Но могла ли называться
Эта живопись крамольной?
Содержался ли в ней вызов
Алтарю и трону? Тщетно
Было здесь искать прямое
Возмущение. Но эти
Небольшие зарисовки
Были громче прокламаций,
Не страшней, чем речь трибуна.
Этот бык, облитый кровью,
Это мрачное веселье
В ночь перед постом, хожденье
Полуголых флагеллантов,
Суд над грешником
Взывали
К сердцу, горечью и желчью
Наполняли человека,
Возбуждали мысль…
«Ну, что ты
Скажешь?» — тихо молвил Гойя.
«Ничего, — ему ответил
Агустин. — Да что тут скажешь?»
И внезапно озарила
Широчайшая улыбка
Этот мрачный худощавый
И угрюмый лик.

10

Пришла Хосефа, увидела картины и отступила в самый дальний угол. Ее пугал человек, которого она любила.

Пришли Ховельянос и молодой поэт Кинтана. Ховельянос сказал:

— Вы наш, дон Франсиско. А я чуть было не подумал о вас дурно.

Молодой Кинтана ликовал:

— Вот он — всеобщий язык. Ваши картины, дон Франсиско, поймет всякий — от погонщика мулов до самого последнего премьер-министра.
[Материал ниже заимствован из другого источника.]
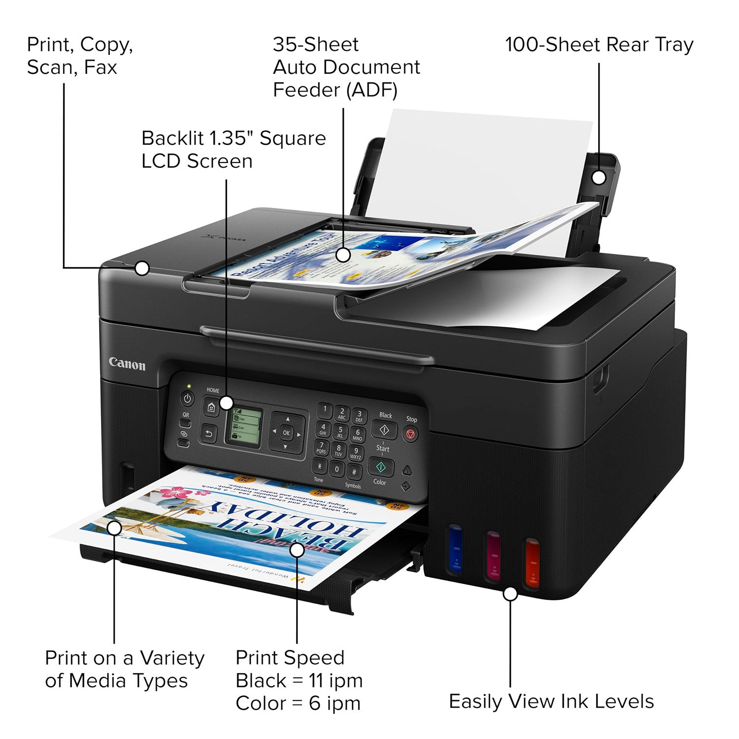 Meet the Canon MegaTank G4270 All-in-One Wireless Supertank Printer—built to slash ink costs and keep your home or small office moving. With refillable MegaTank bottles, you can print up to 6,000 black / 7,700 color pages from a single set, saving up to $1,000 on ink. The G4270 handles print, copy, scan, and fax and adds everyday conveniences like an Auto Document Feeder, wireless printing with AirPrint® and Mopria®, and a backlit 1.35" square LCD for quick navigation. A compact footprint, 100-sheet rear tray, and support for varied media—including envelopes, glossy photo paper, and banners up to 8.5" × 47"—make it a versatile fit for busy desks. With fast speeds up to 11 ipm black / 6 ipm color, user-replaceable maintenance parts, and a monthly duty cycle up to 3,000 pages, the G4270 is engineered for reliable, low-cost productivity.

Картины посмотрели дон Мигель, Лусия, дон Дьего. Нелепо было подгонять эти полотна под мерку Менгсов и Байеу.

— Боюсь, что нам с вами, дон Мигель, придется переучиваться, — сказал аббат.

Но на следующее утро дон Мигель опять пришел к Гойе. Картины Франсиско не дали ему спать. Политического деятеля Бермудеса они взволновали не меньше, чем Бермудеса — знатока живописи. А вдруг другие тоже почуют скрытое в картинах возмущение? Великий инквизитор Лоренсана, например? Какое им дело до того, сколько в этих вещах подлинного искусства, они усмотрят здесь только бесчинство, бунт, ересь.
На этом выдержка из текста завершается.